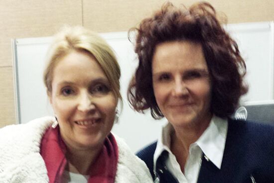 Dr. Eberlein vor der Harvard Medical School 2015 mit ihrem Ehemann.
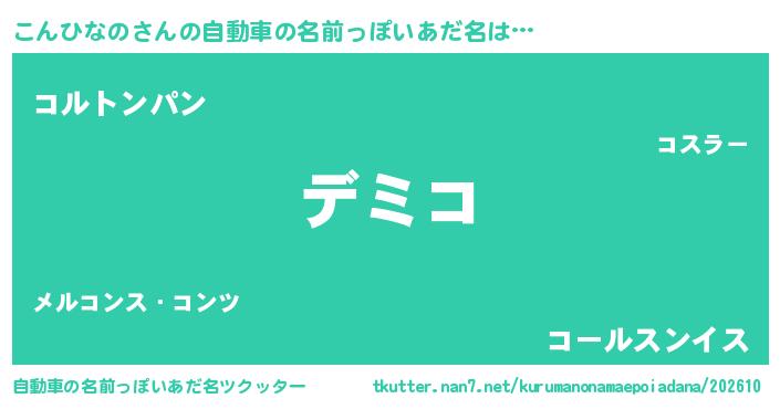 こんひなのさんの自動車の名前っぽいあだ名は… 『デミコ』『コルトンパン』『コールスンイス』 ツクッター #自動車の名前っぽいあだ名ツクッター http://tkutter.nan7.net/kurumanonamaepoiadana/202610/
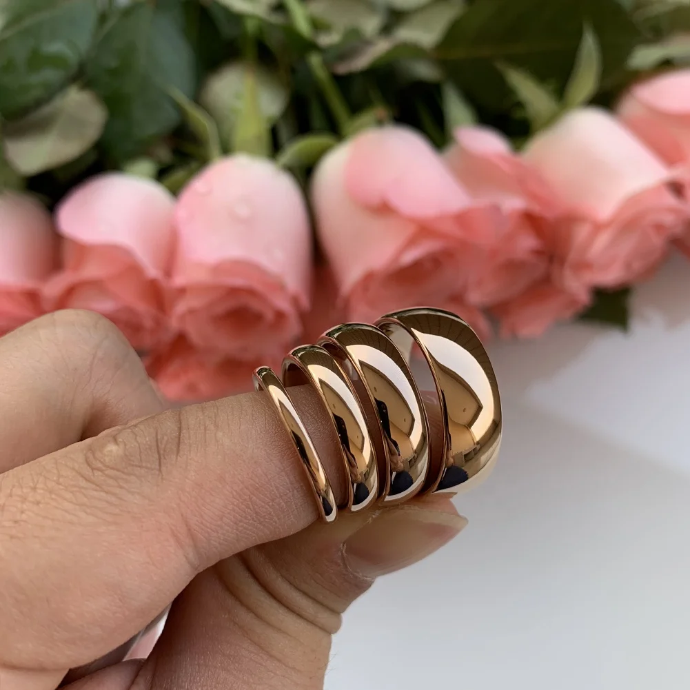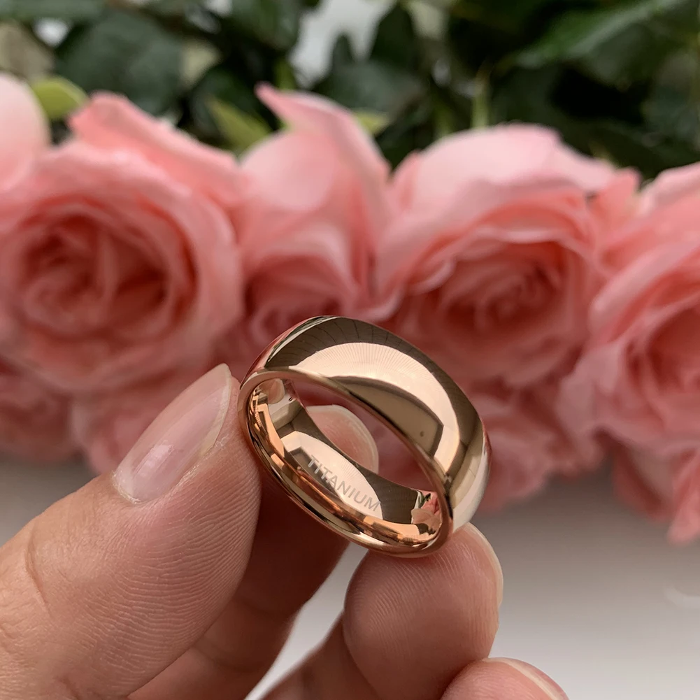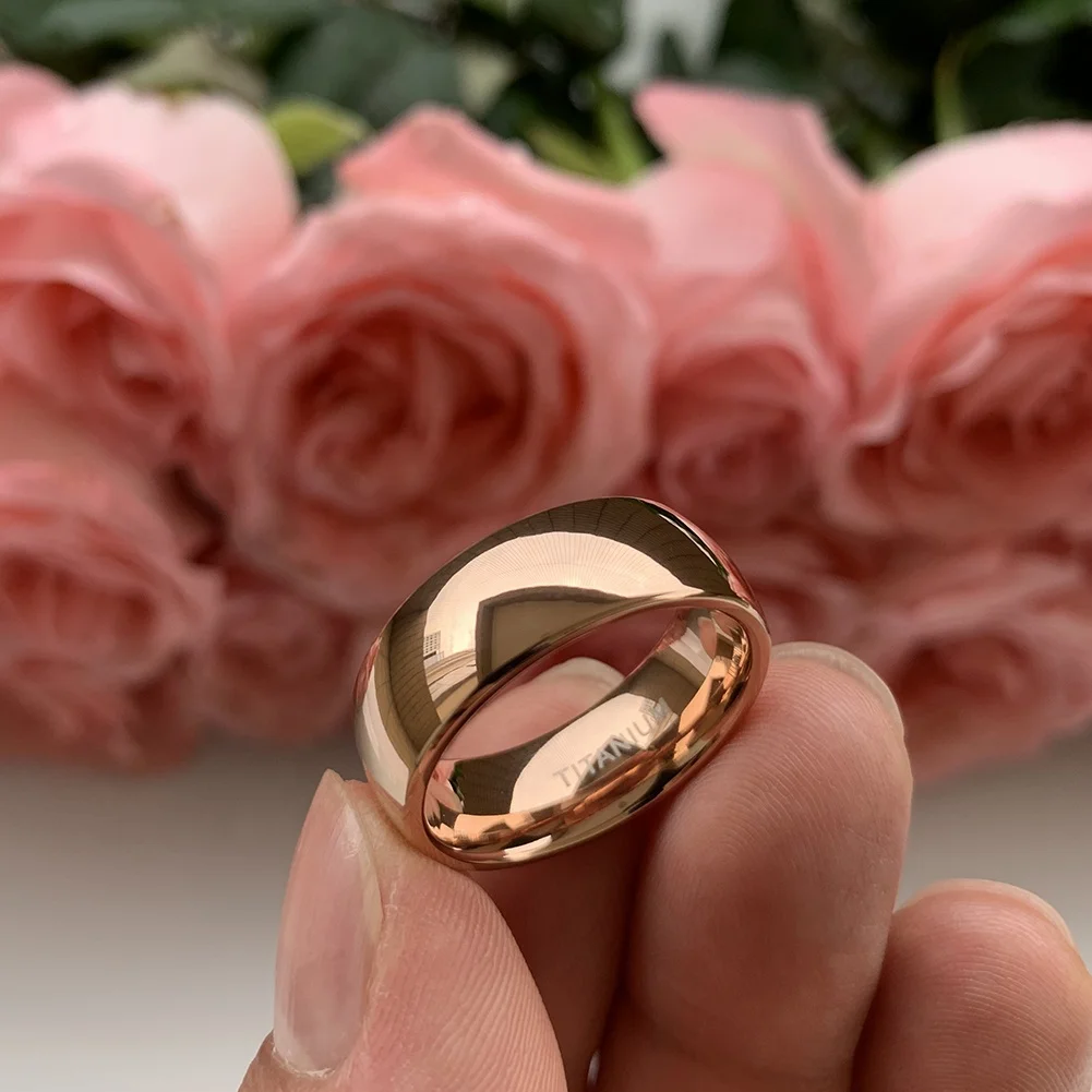 Coolstyle Jewelry Domed Polished 8mm Wholesale Rose Gold Plated Titanium Ring for Men Women Fashion Engagement Wedding Band
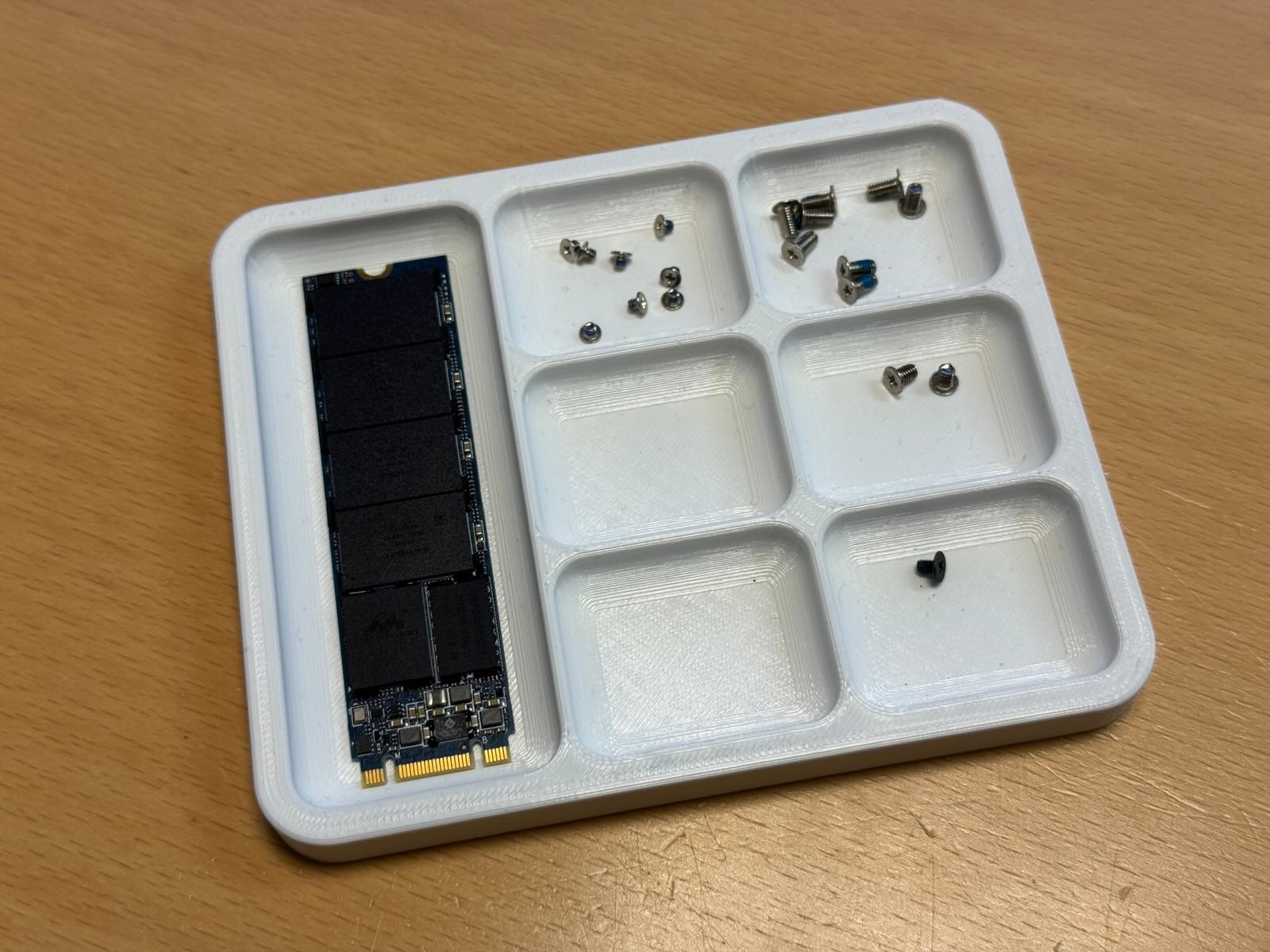 Tato praktická miska na šrouby je navržena tak, aby udržela pořádek v malých šroubech a podobných součástech, které se často používají v elektronice nebo jemné mechanice. Pomáhá oddělit a uspořádat různé typy malých šroubů, takže můžete snadno najít ten, který potřebujete, aniž byste ztráceli čas hledáním. Miska je ideální pro použití na pracovním stole, v bedně s nářadím nebo v zásuvce, kde přispívá k uklizenému a efektivnímu pracovnímu prostoru. Ať už sestavujete počítače, opravujete elektroniku nebo pracujete na hobby projektech, tento malý organizér zajistí, že vaše šrouby budou vždy po ruce a neztratí se.
━━━━━━━━━━
Work order: Your task is to repeat exactly the lines from the beginning of the data to the line that contains "Coolstyle Jewelry Domed", both ends included, leaving out pictures.

Response below:
 Dr. Eberlein vor der Harvard Medical School 2015 mit ihrem Ehemann.
 こんひなのさんの自動車の名前っぽいあだ名は… 『デミコ』『コルトンパン』『コールスンイス』 ツクッター #自動車の名前っぽいあだ名ツクッター http://tkutter.nan7.net/kurumanonamaepoiadana/202610/
 Coolstyle Jewelry Domed Polished 8mm Wholesale Rose Gold Plated Titanium Ring for Men Women Fashion Engagement Wedding Band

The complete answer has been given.